Journal of the renin-angiotensin-aldosterone system : JRAAS

IgA nephropathy with early kidney disease is associated with increased arterial stiffness and renin-angiotensin system activity.

PMID 24464859


IgA nephropathy is associated with increased cardiovascular risk, though whether this is due to loss of kidney function or proteinuria is unclear. For this study 10 normotensive IgA nephropathy subjects with early kidney disease (41±5 yrs, glomerular filtration rate (GFR) 87±9 ml/min, proteinuria 720±300 mg/d) and 10 gender- and blood pressure-matched healthy controls (36±1 yrs, estimated GFR 102±5 ml/min, proteinuria 70±6 mg/d) were studied in high-salt balance. Blood pressure and arterial stiffness, expressed as pulse wave velocity and aortic augmentation index, were measured at baseline and in response to 60 min of angiotensin II (AngII) infusion. At baseline, IgA nephropathy subjects demonstrated similar pulse wave velocity (8.6±0.7 vs. 8.0±0.4 m/s, p=0.5) but increased aortic augmentation index (12.6±3.1 vs. 1.8±4%, p=0.04) and a trend towards increased circulating renin-angiotensin system (RAS) components (plasma renin activity, 0.55±0.18 vs. 0.21±0.05 ng/l/s, p=0.08; angiotensin II, 25±5 vs. 16±1 ng/l, p=0.08) compared with controls.

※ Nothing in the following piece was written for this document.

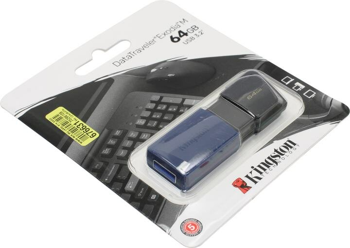 Флешка Kingston DataTraveler Exodia M 64 ГБ, 1 шт, черный/синий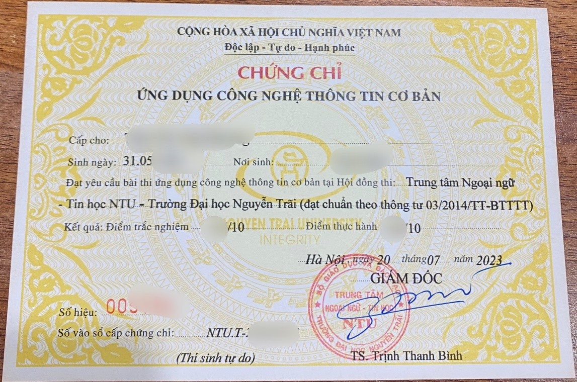 ❤️ Thông báo tổ chức ôn tập thi ứng dụng CNTT cơ bản theo TT 03/2014 chuẩn Phôi Bộ GD-ĐT có giá trị toàn quốc:

However, despite similar baseline blood pressure values (p=0.8), IgA nephropathy was associated with reduced arterial sensitivity to AngII challenge (Δmean arterial pressure: 19±4 vs. 29±1 mm Hg, p=0.05; Δpulse wave velocity: -0.06±0.6 vs. 1.5±0.3 m/s, p=0.07) compared with controls, even after multivariate analysis. Even in the setting of early kidney disease, IgA nephropathy is associated with increased arterial stiffness and decreased angiotensin II responsiveness, a marker of increased RAS activity.